Why has education technology made so little difference? asks Marc Tucker on his Ed Week blog.
He recalls three ’80s software programs that he’d thought would be transformative.
In one, players searched for dolphins while learning the basics of navigation and observing “weather, water temperature, currents and so on.” Students “were inevitably very excited, totally engaged.”
The second piece of software, created by Marge Cappo, was stunning. She captured everyday phenomena like a child pedaling a bike down the road, and then, with the software, made it possible for the student to highlight the motions of the bicycle wheels in such a way that the abstract motion of the wheel as it moved traced classic curves on the screen that corresponded to the algebraic formulas that described these motions.

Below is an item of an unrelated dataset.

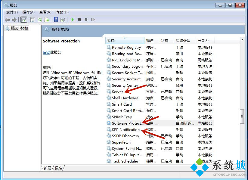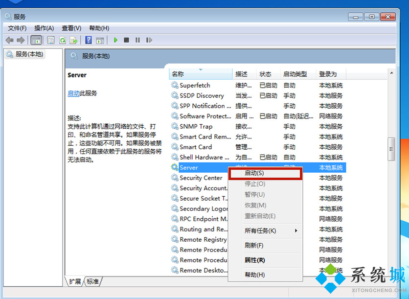 2.找到“server”功能,并且鼠标右键点击,在新菜单中中选择“启动”。之后将“Software Protection”和“SPP Notification Service”服务项同样设置为启动状态。之后重启电脑即可,此时win7桌面背景黑屏的问题就被顺利解决了。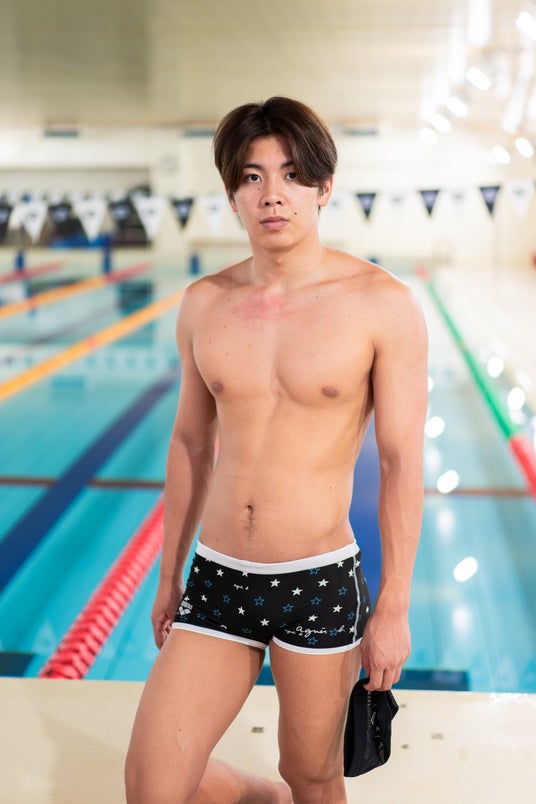 モデルは、柳本 幸之介 選手(イトマン東京 / 日本大学)品 名:agnes b. x arena トレーニングスパッツ(ショートレッグ)

It enabled the student to actually ‘see’ the abstractions of mathematics and connect those abstractions to the formulas that described them.
Tucker thought it would revolutionize the teaching of geometry and algebra.
The third program simulated “the dynamics of the systems that function in every city — from the subway system to the bus system to the water distribution system to the sewer system and so on.” Students could “change the variables and see what would happen.”
What happened? Not much.
Dolphins, navigation and ocean currents aren’t in the curriculum, teachers told him. They’re not on the tests.
Beyond that, most primary and middle-school teachers “know very little about the curves described by a point on the bicycle wheel or the uses to which knowledge about such things can be put.,” writes Tucker. “How many elementary school teachers know anything about coastwise navigation or systems for distributing electricity or the crucial role that feedback plays in the control of such systems or the role that designed systems play in virtually every aspect of modern life?”
Instructional technology will not improve learning without large investments in teaching teachers “about the doors that the technology can open,” he writes.